▶ [Your goal]: The listing below holds pictures; exclude them. Return exactly the lines from the one with "2. While lightly" through the one with "这里默认拉取的是 Redis 的最新版本,如果要是想拉取指定版本时可以进行如下执行,如拉取".

▶ [Information shown]:
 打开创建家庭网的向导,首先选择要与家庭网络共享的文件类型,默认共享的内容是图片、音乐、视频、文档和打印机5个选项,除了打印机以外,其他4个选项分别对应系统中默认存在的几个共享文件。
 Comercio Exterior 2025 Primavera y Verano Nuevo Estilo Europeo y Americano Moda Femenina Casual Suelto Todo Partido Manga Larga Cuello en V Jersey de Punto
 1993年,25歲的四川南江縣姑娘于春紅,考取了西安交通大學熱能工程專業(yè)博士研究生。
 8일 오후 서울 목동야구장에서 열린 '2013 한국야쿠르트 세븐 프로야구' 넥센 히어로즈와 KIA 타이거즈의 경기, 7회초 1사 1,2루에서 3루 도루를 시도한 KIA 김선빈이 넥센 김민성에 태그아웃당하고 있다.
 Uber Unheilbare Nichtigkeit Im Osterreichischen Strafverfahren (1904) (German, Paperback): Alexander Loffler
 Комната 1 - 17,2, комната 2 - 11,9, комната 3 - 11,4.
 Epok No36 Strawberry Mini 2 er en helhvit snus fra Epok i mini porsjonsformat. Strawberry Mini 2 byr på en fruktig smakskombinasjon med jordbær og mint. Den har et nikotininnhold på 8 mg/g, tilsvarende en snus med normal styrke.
==
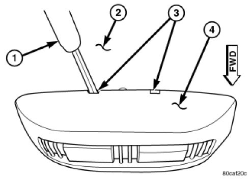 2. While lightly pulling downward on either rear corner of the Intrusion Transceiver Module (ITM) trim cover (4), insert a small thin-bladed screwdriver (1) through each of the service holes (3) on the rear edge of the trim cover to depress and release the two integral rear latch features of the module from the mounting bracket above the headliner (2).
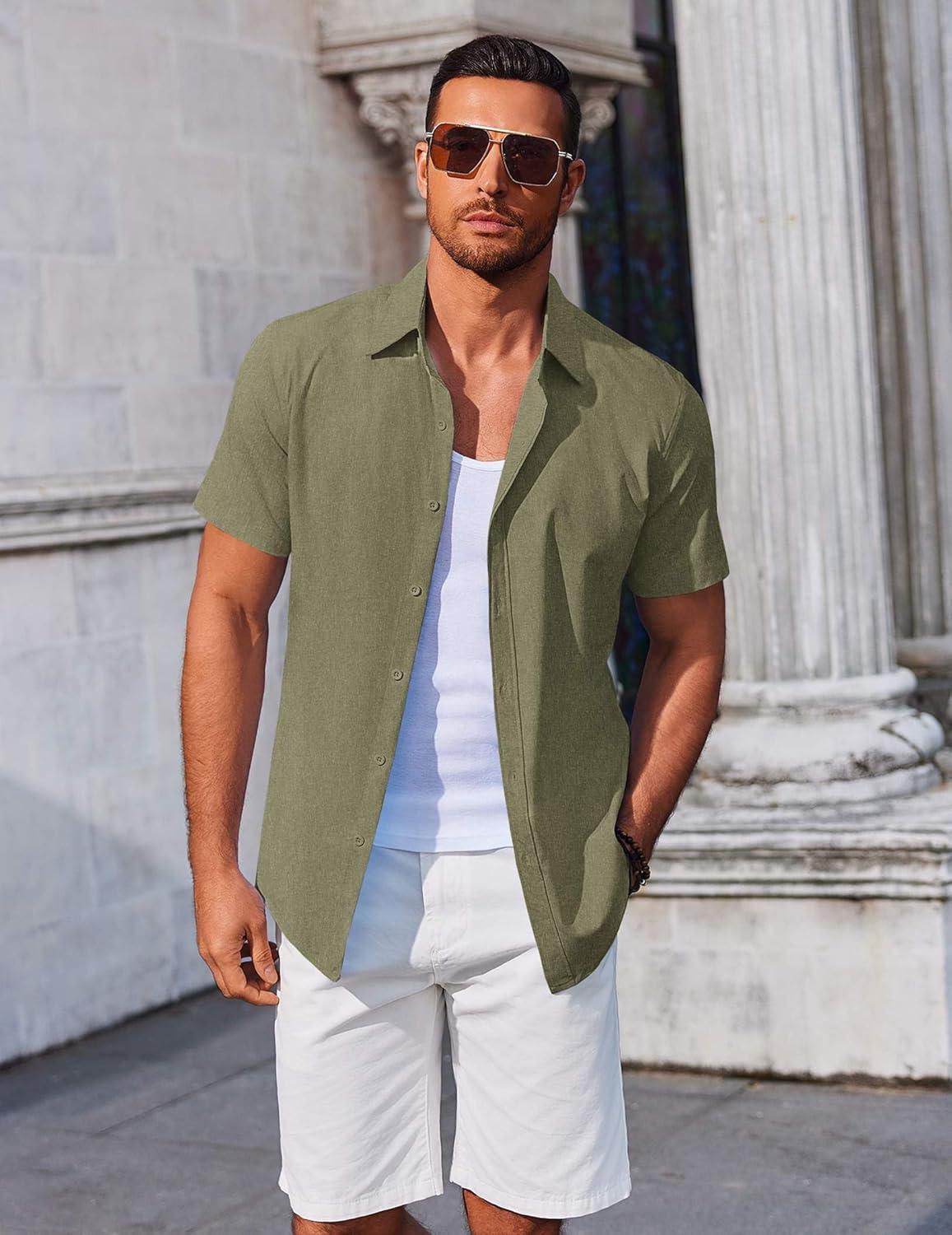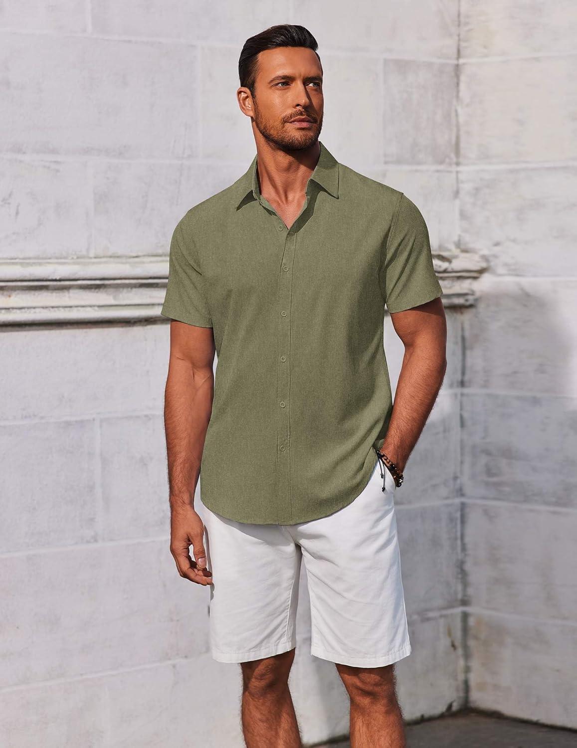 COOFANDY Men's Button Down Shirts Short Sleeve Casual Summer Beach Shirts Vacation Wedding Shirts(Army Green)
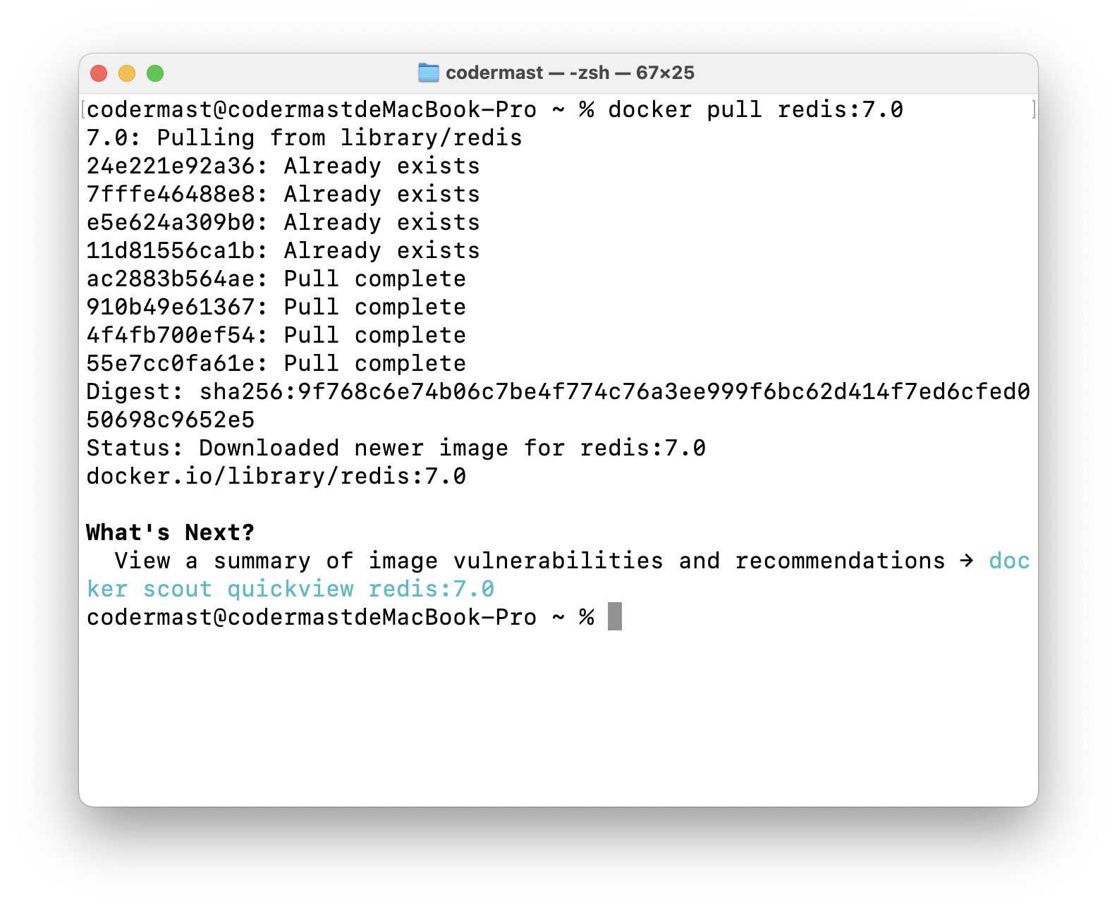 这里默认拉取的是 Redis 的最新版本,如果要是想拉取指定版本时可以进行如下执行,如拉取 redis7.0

▶ [Response to the exercise]:
 2. While lightly pulling downward on either rear corner of the Intrusion Transceiver Module (ITM) trim cover (4), insert a small thin-bladed screwdriver (1) through each of the service holes (3) on the rear edge of the trim cover to depress and release the two integral rear latch features of the module from the mounting bracket above the headliner (2).
 COOFANDY Men's Button Down Shirts Short Sleeve Casual Summer Beach Shirts Vacation Wedding Shirts(Army Green)
 这里默认拉取的是 Redis 的最新版本,如果要是想拉取指定版本时可以进行如下执行,如拉取 redis7.0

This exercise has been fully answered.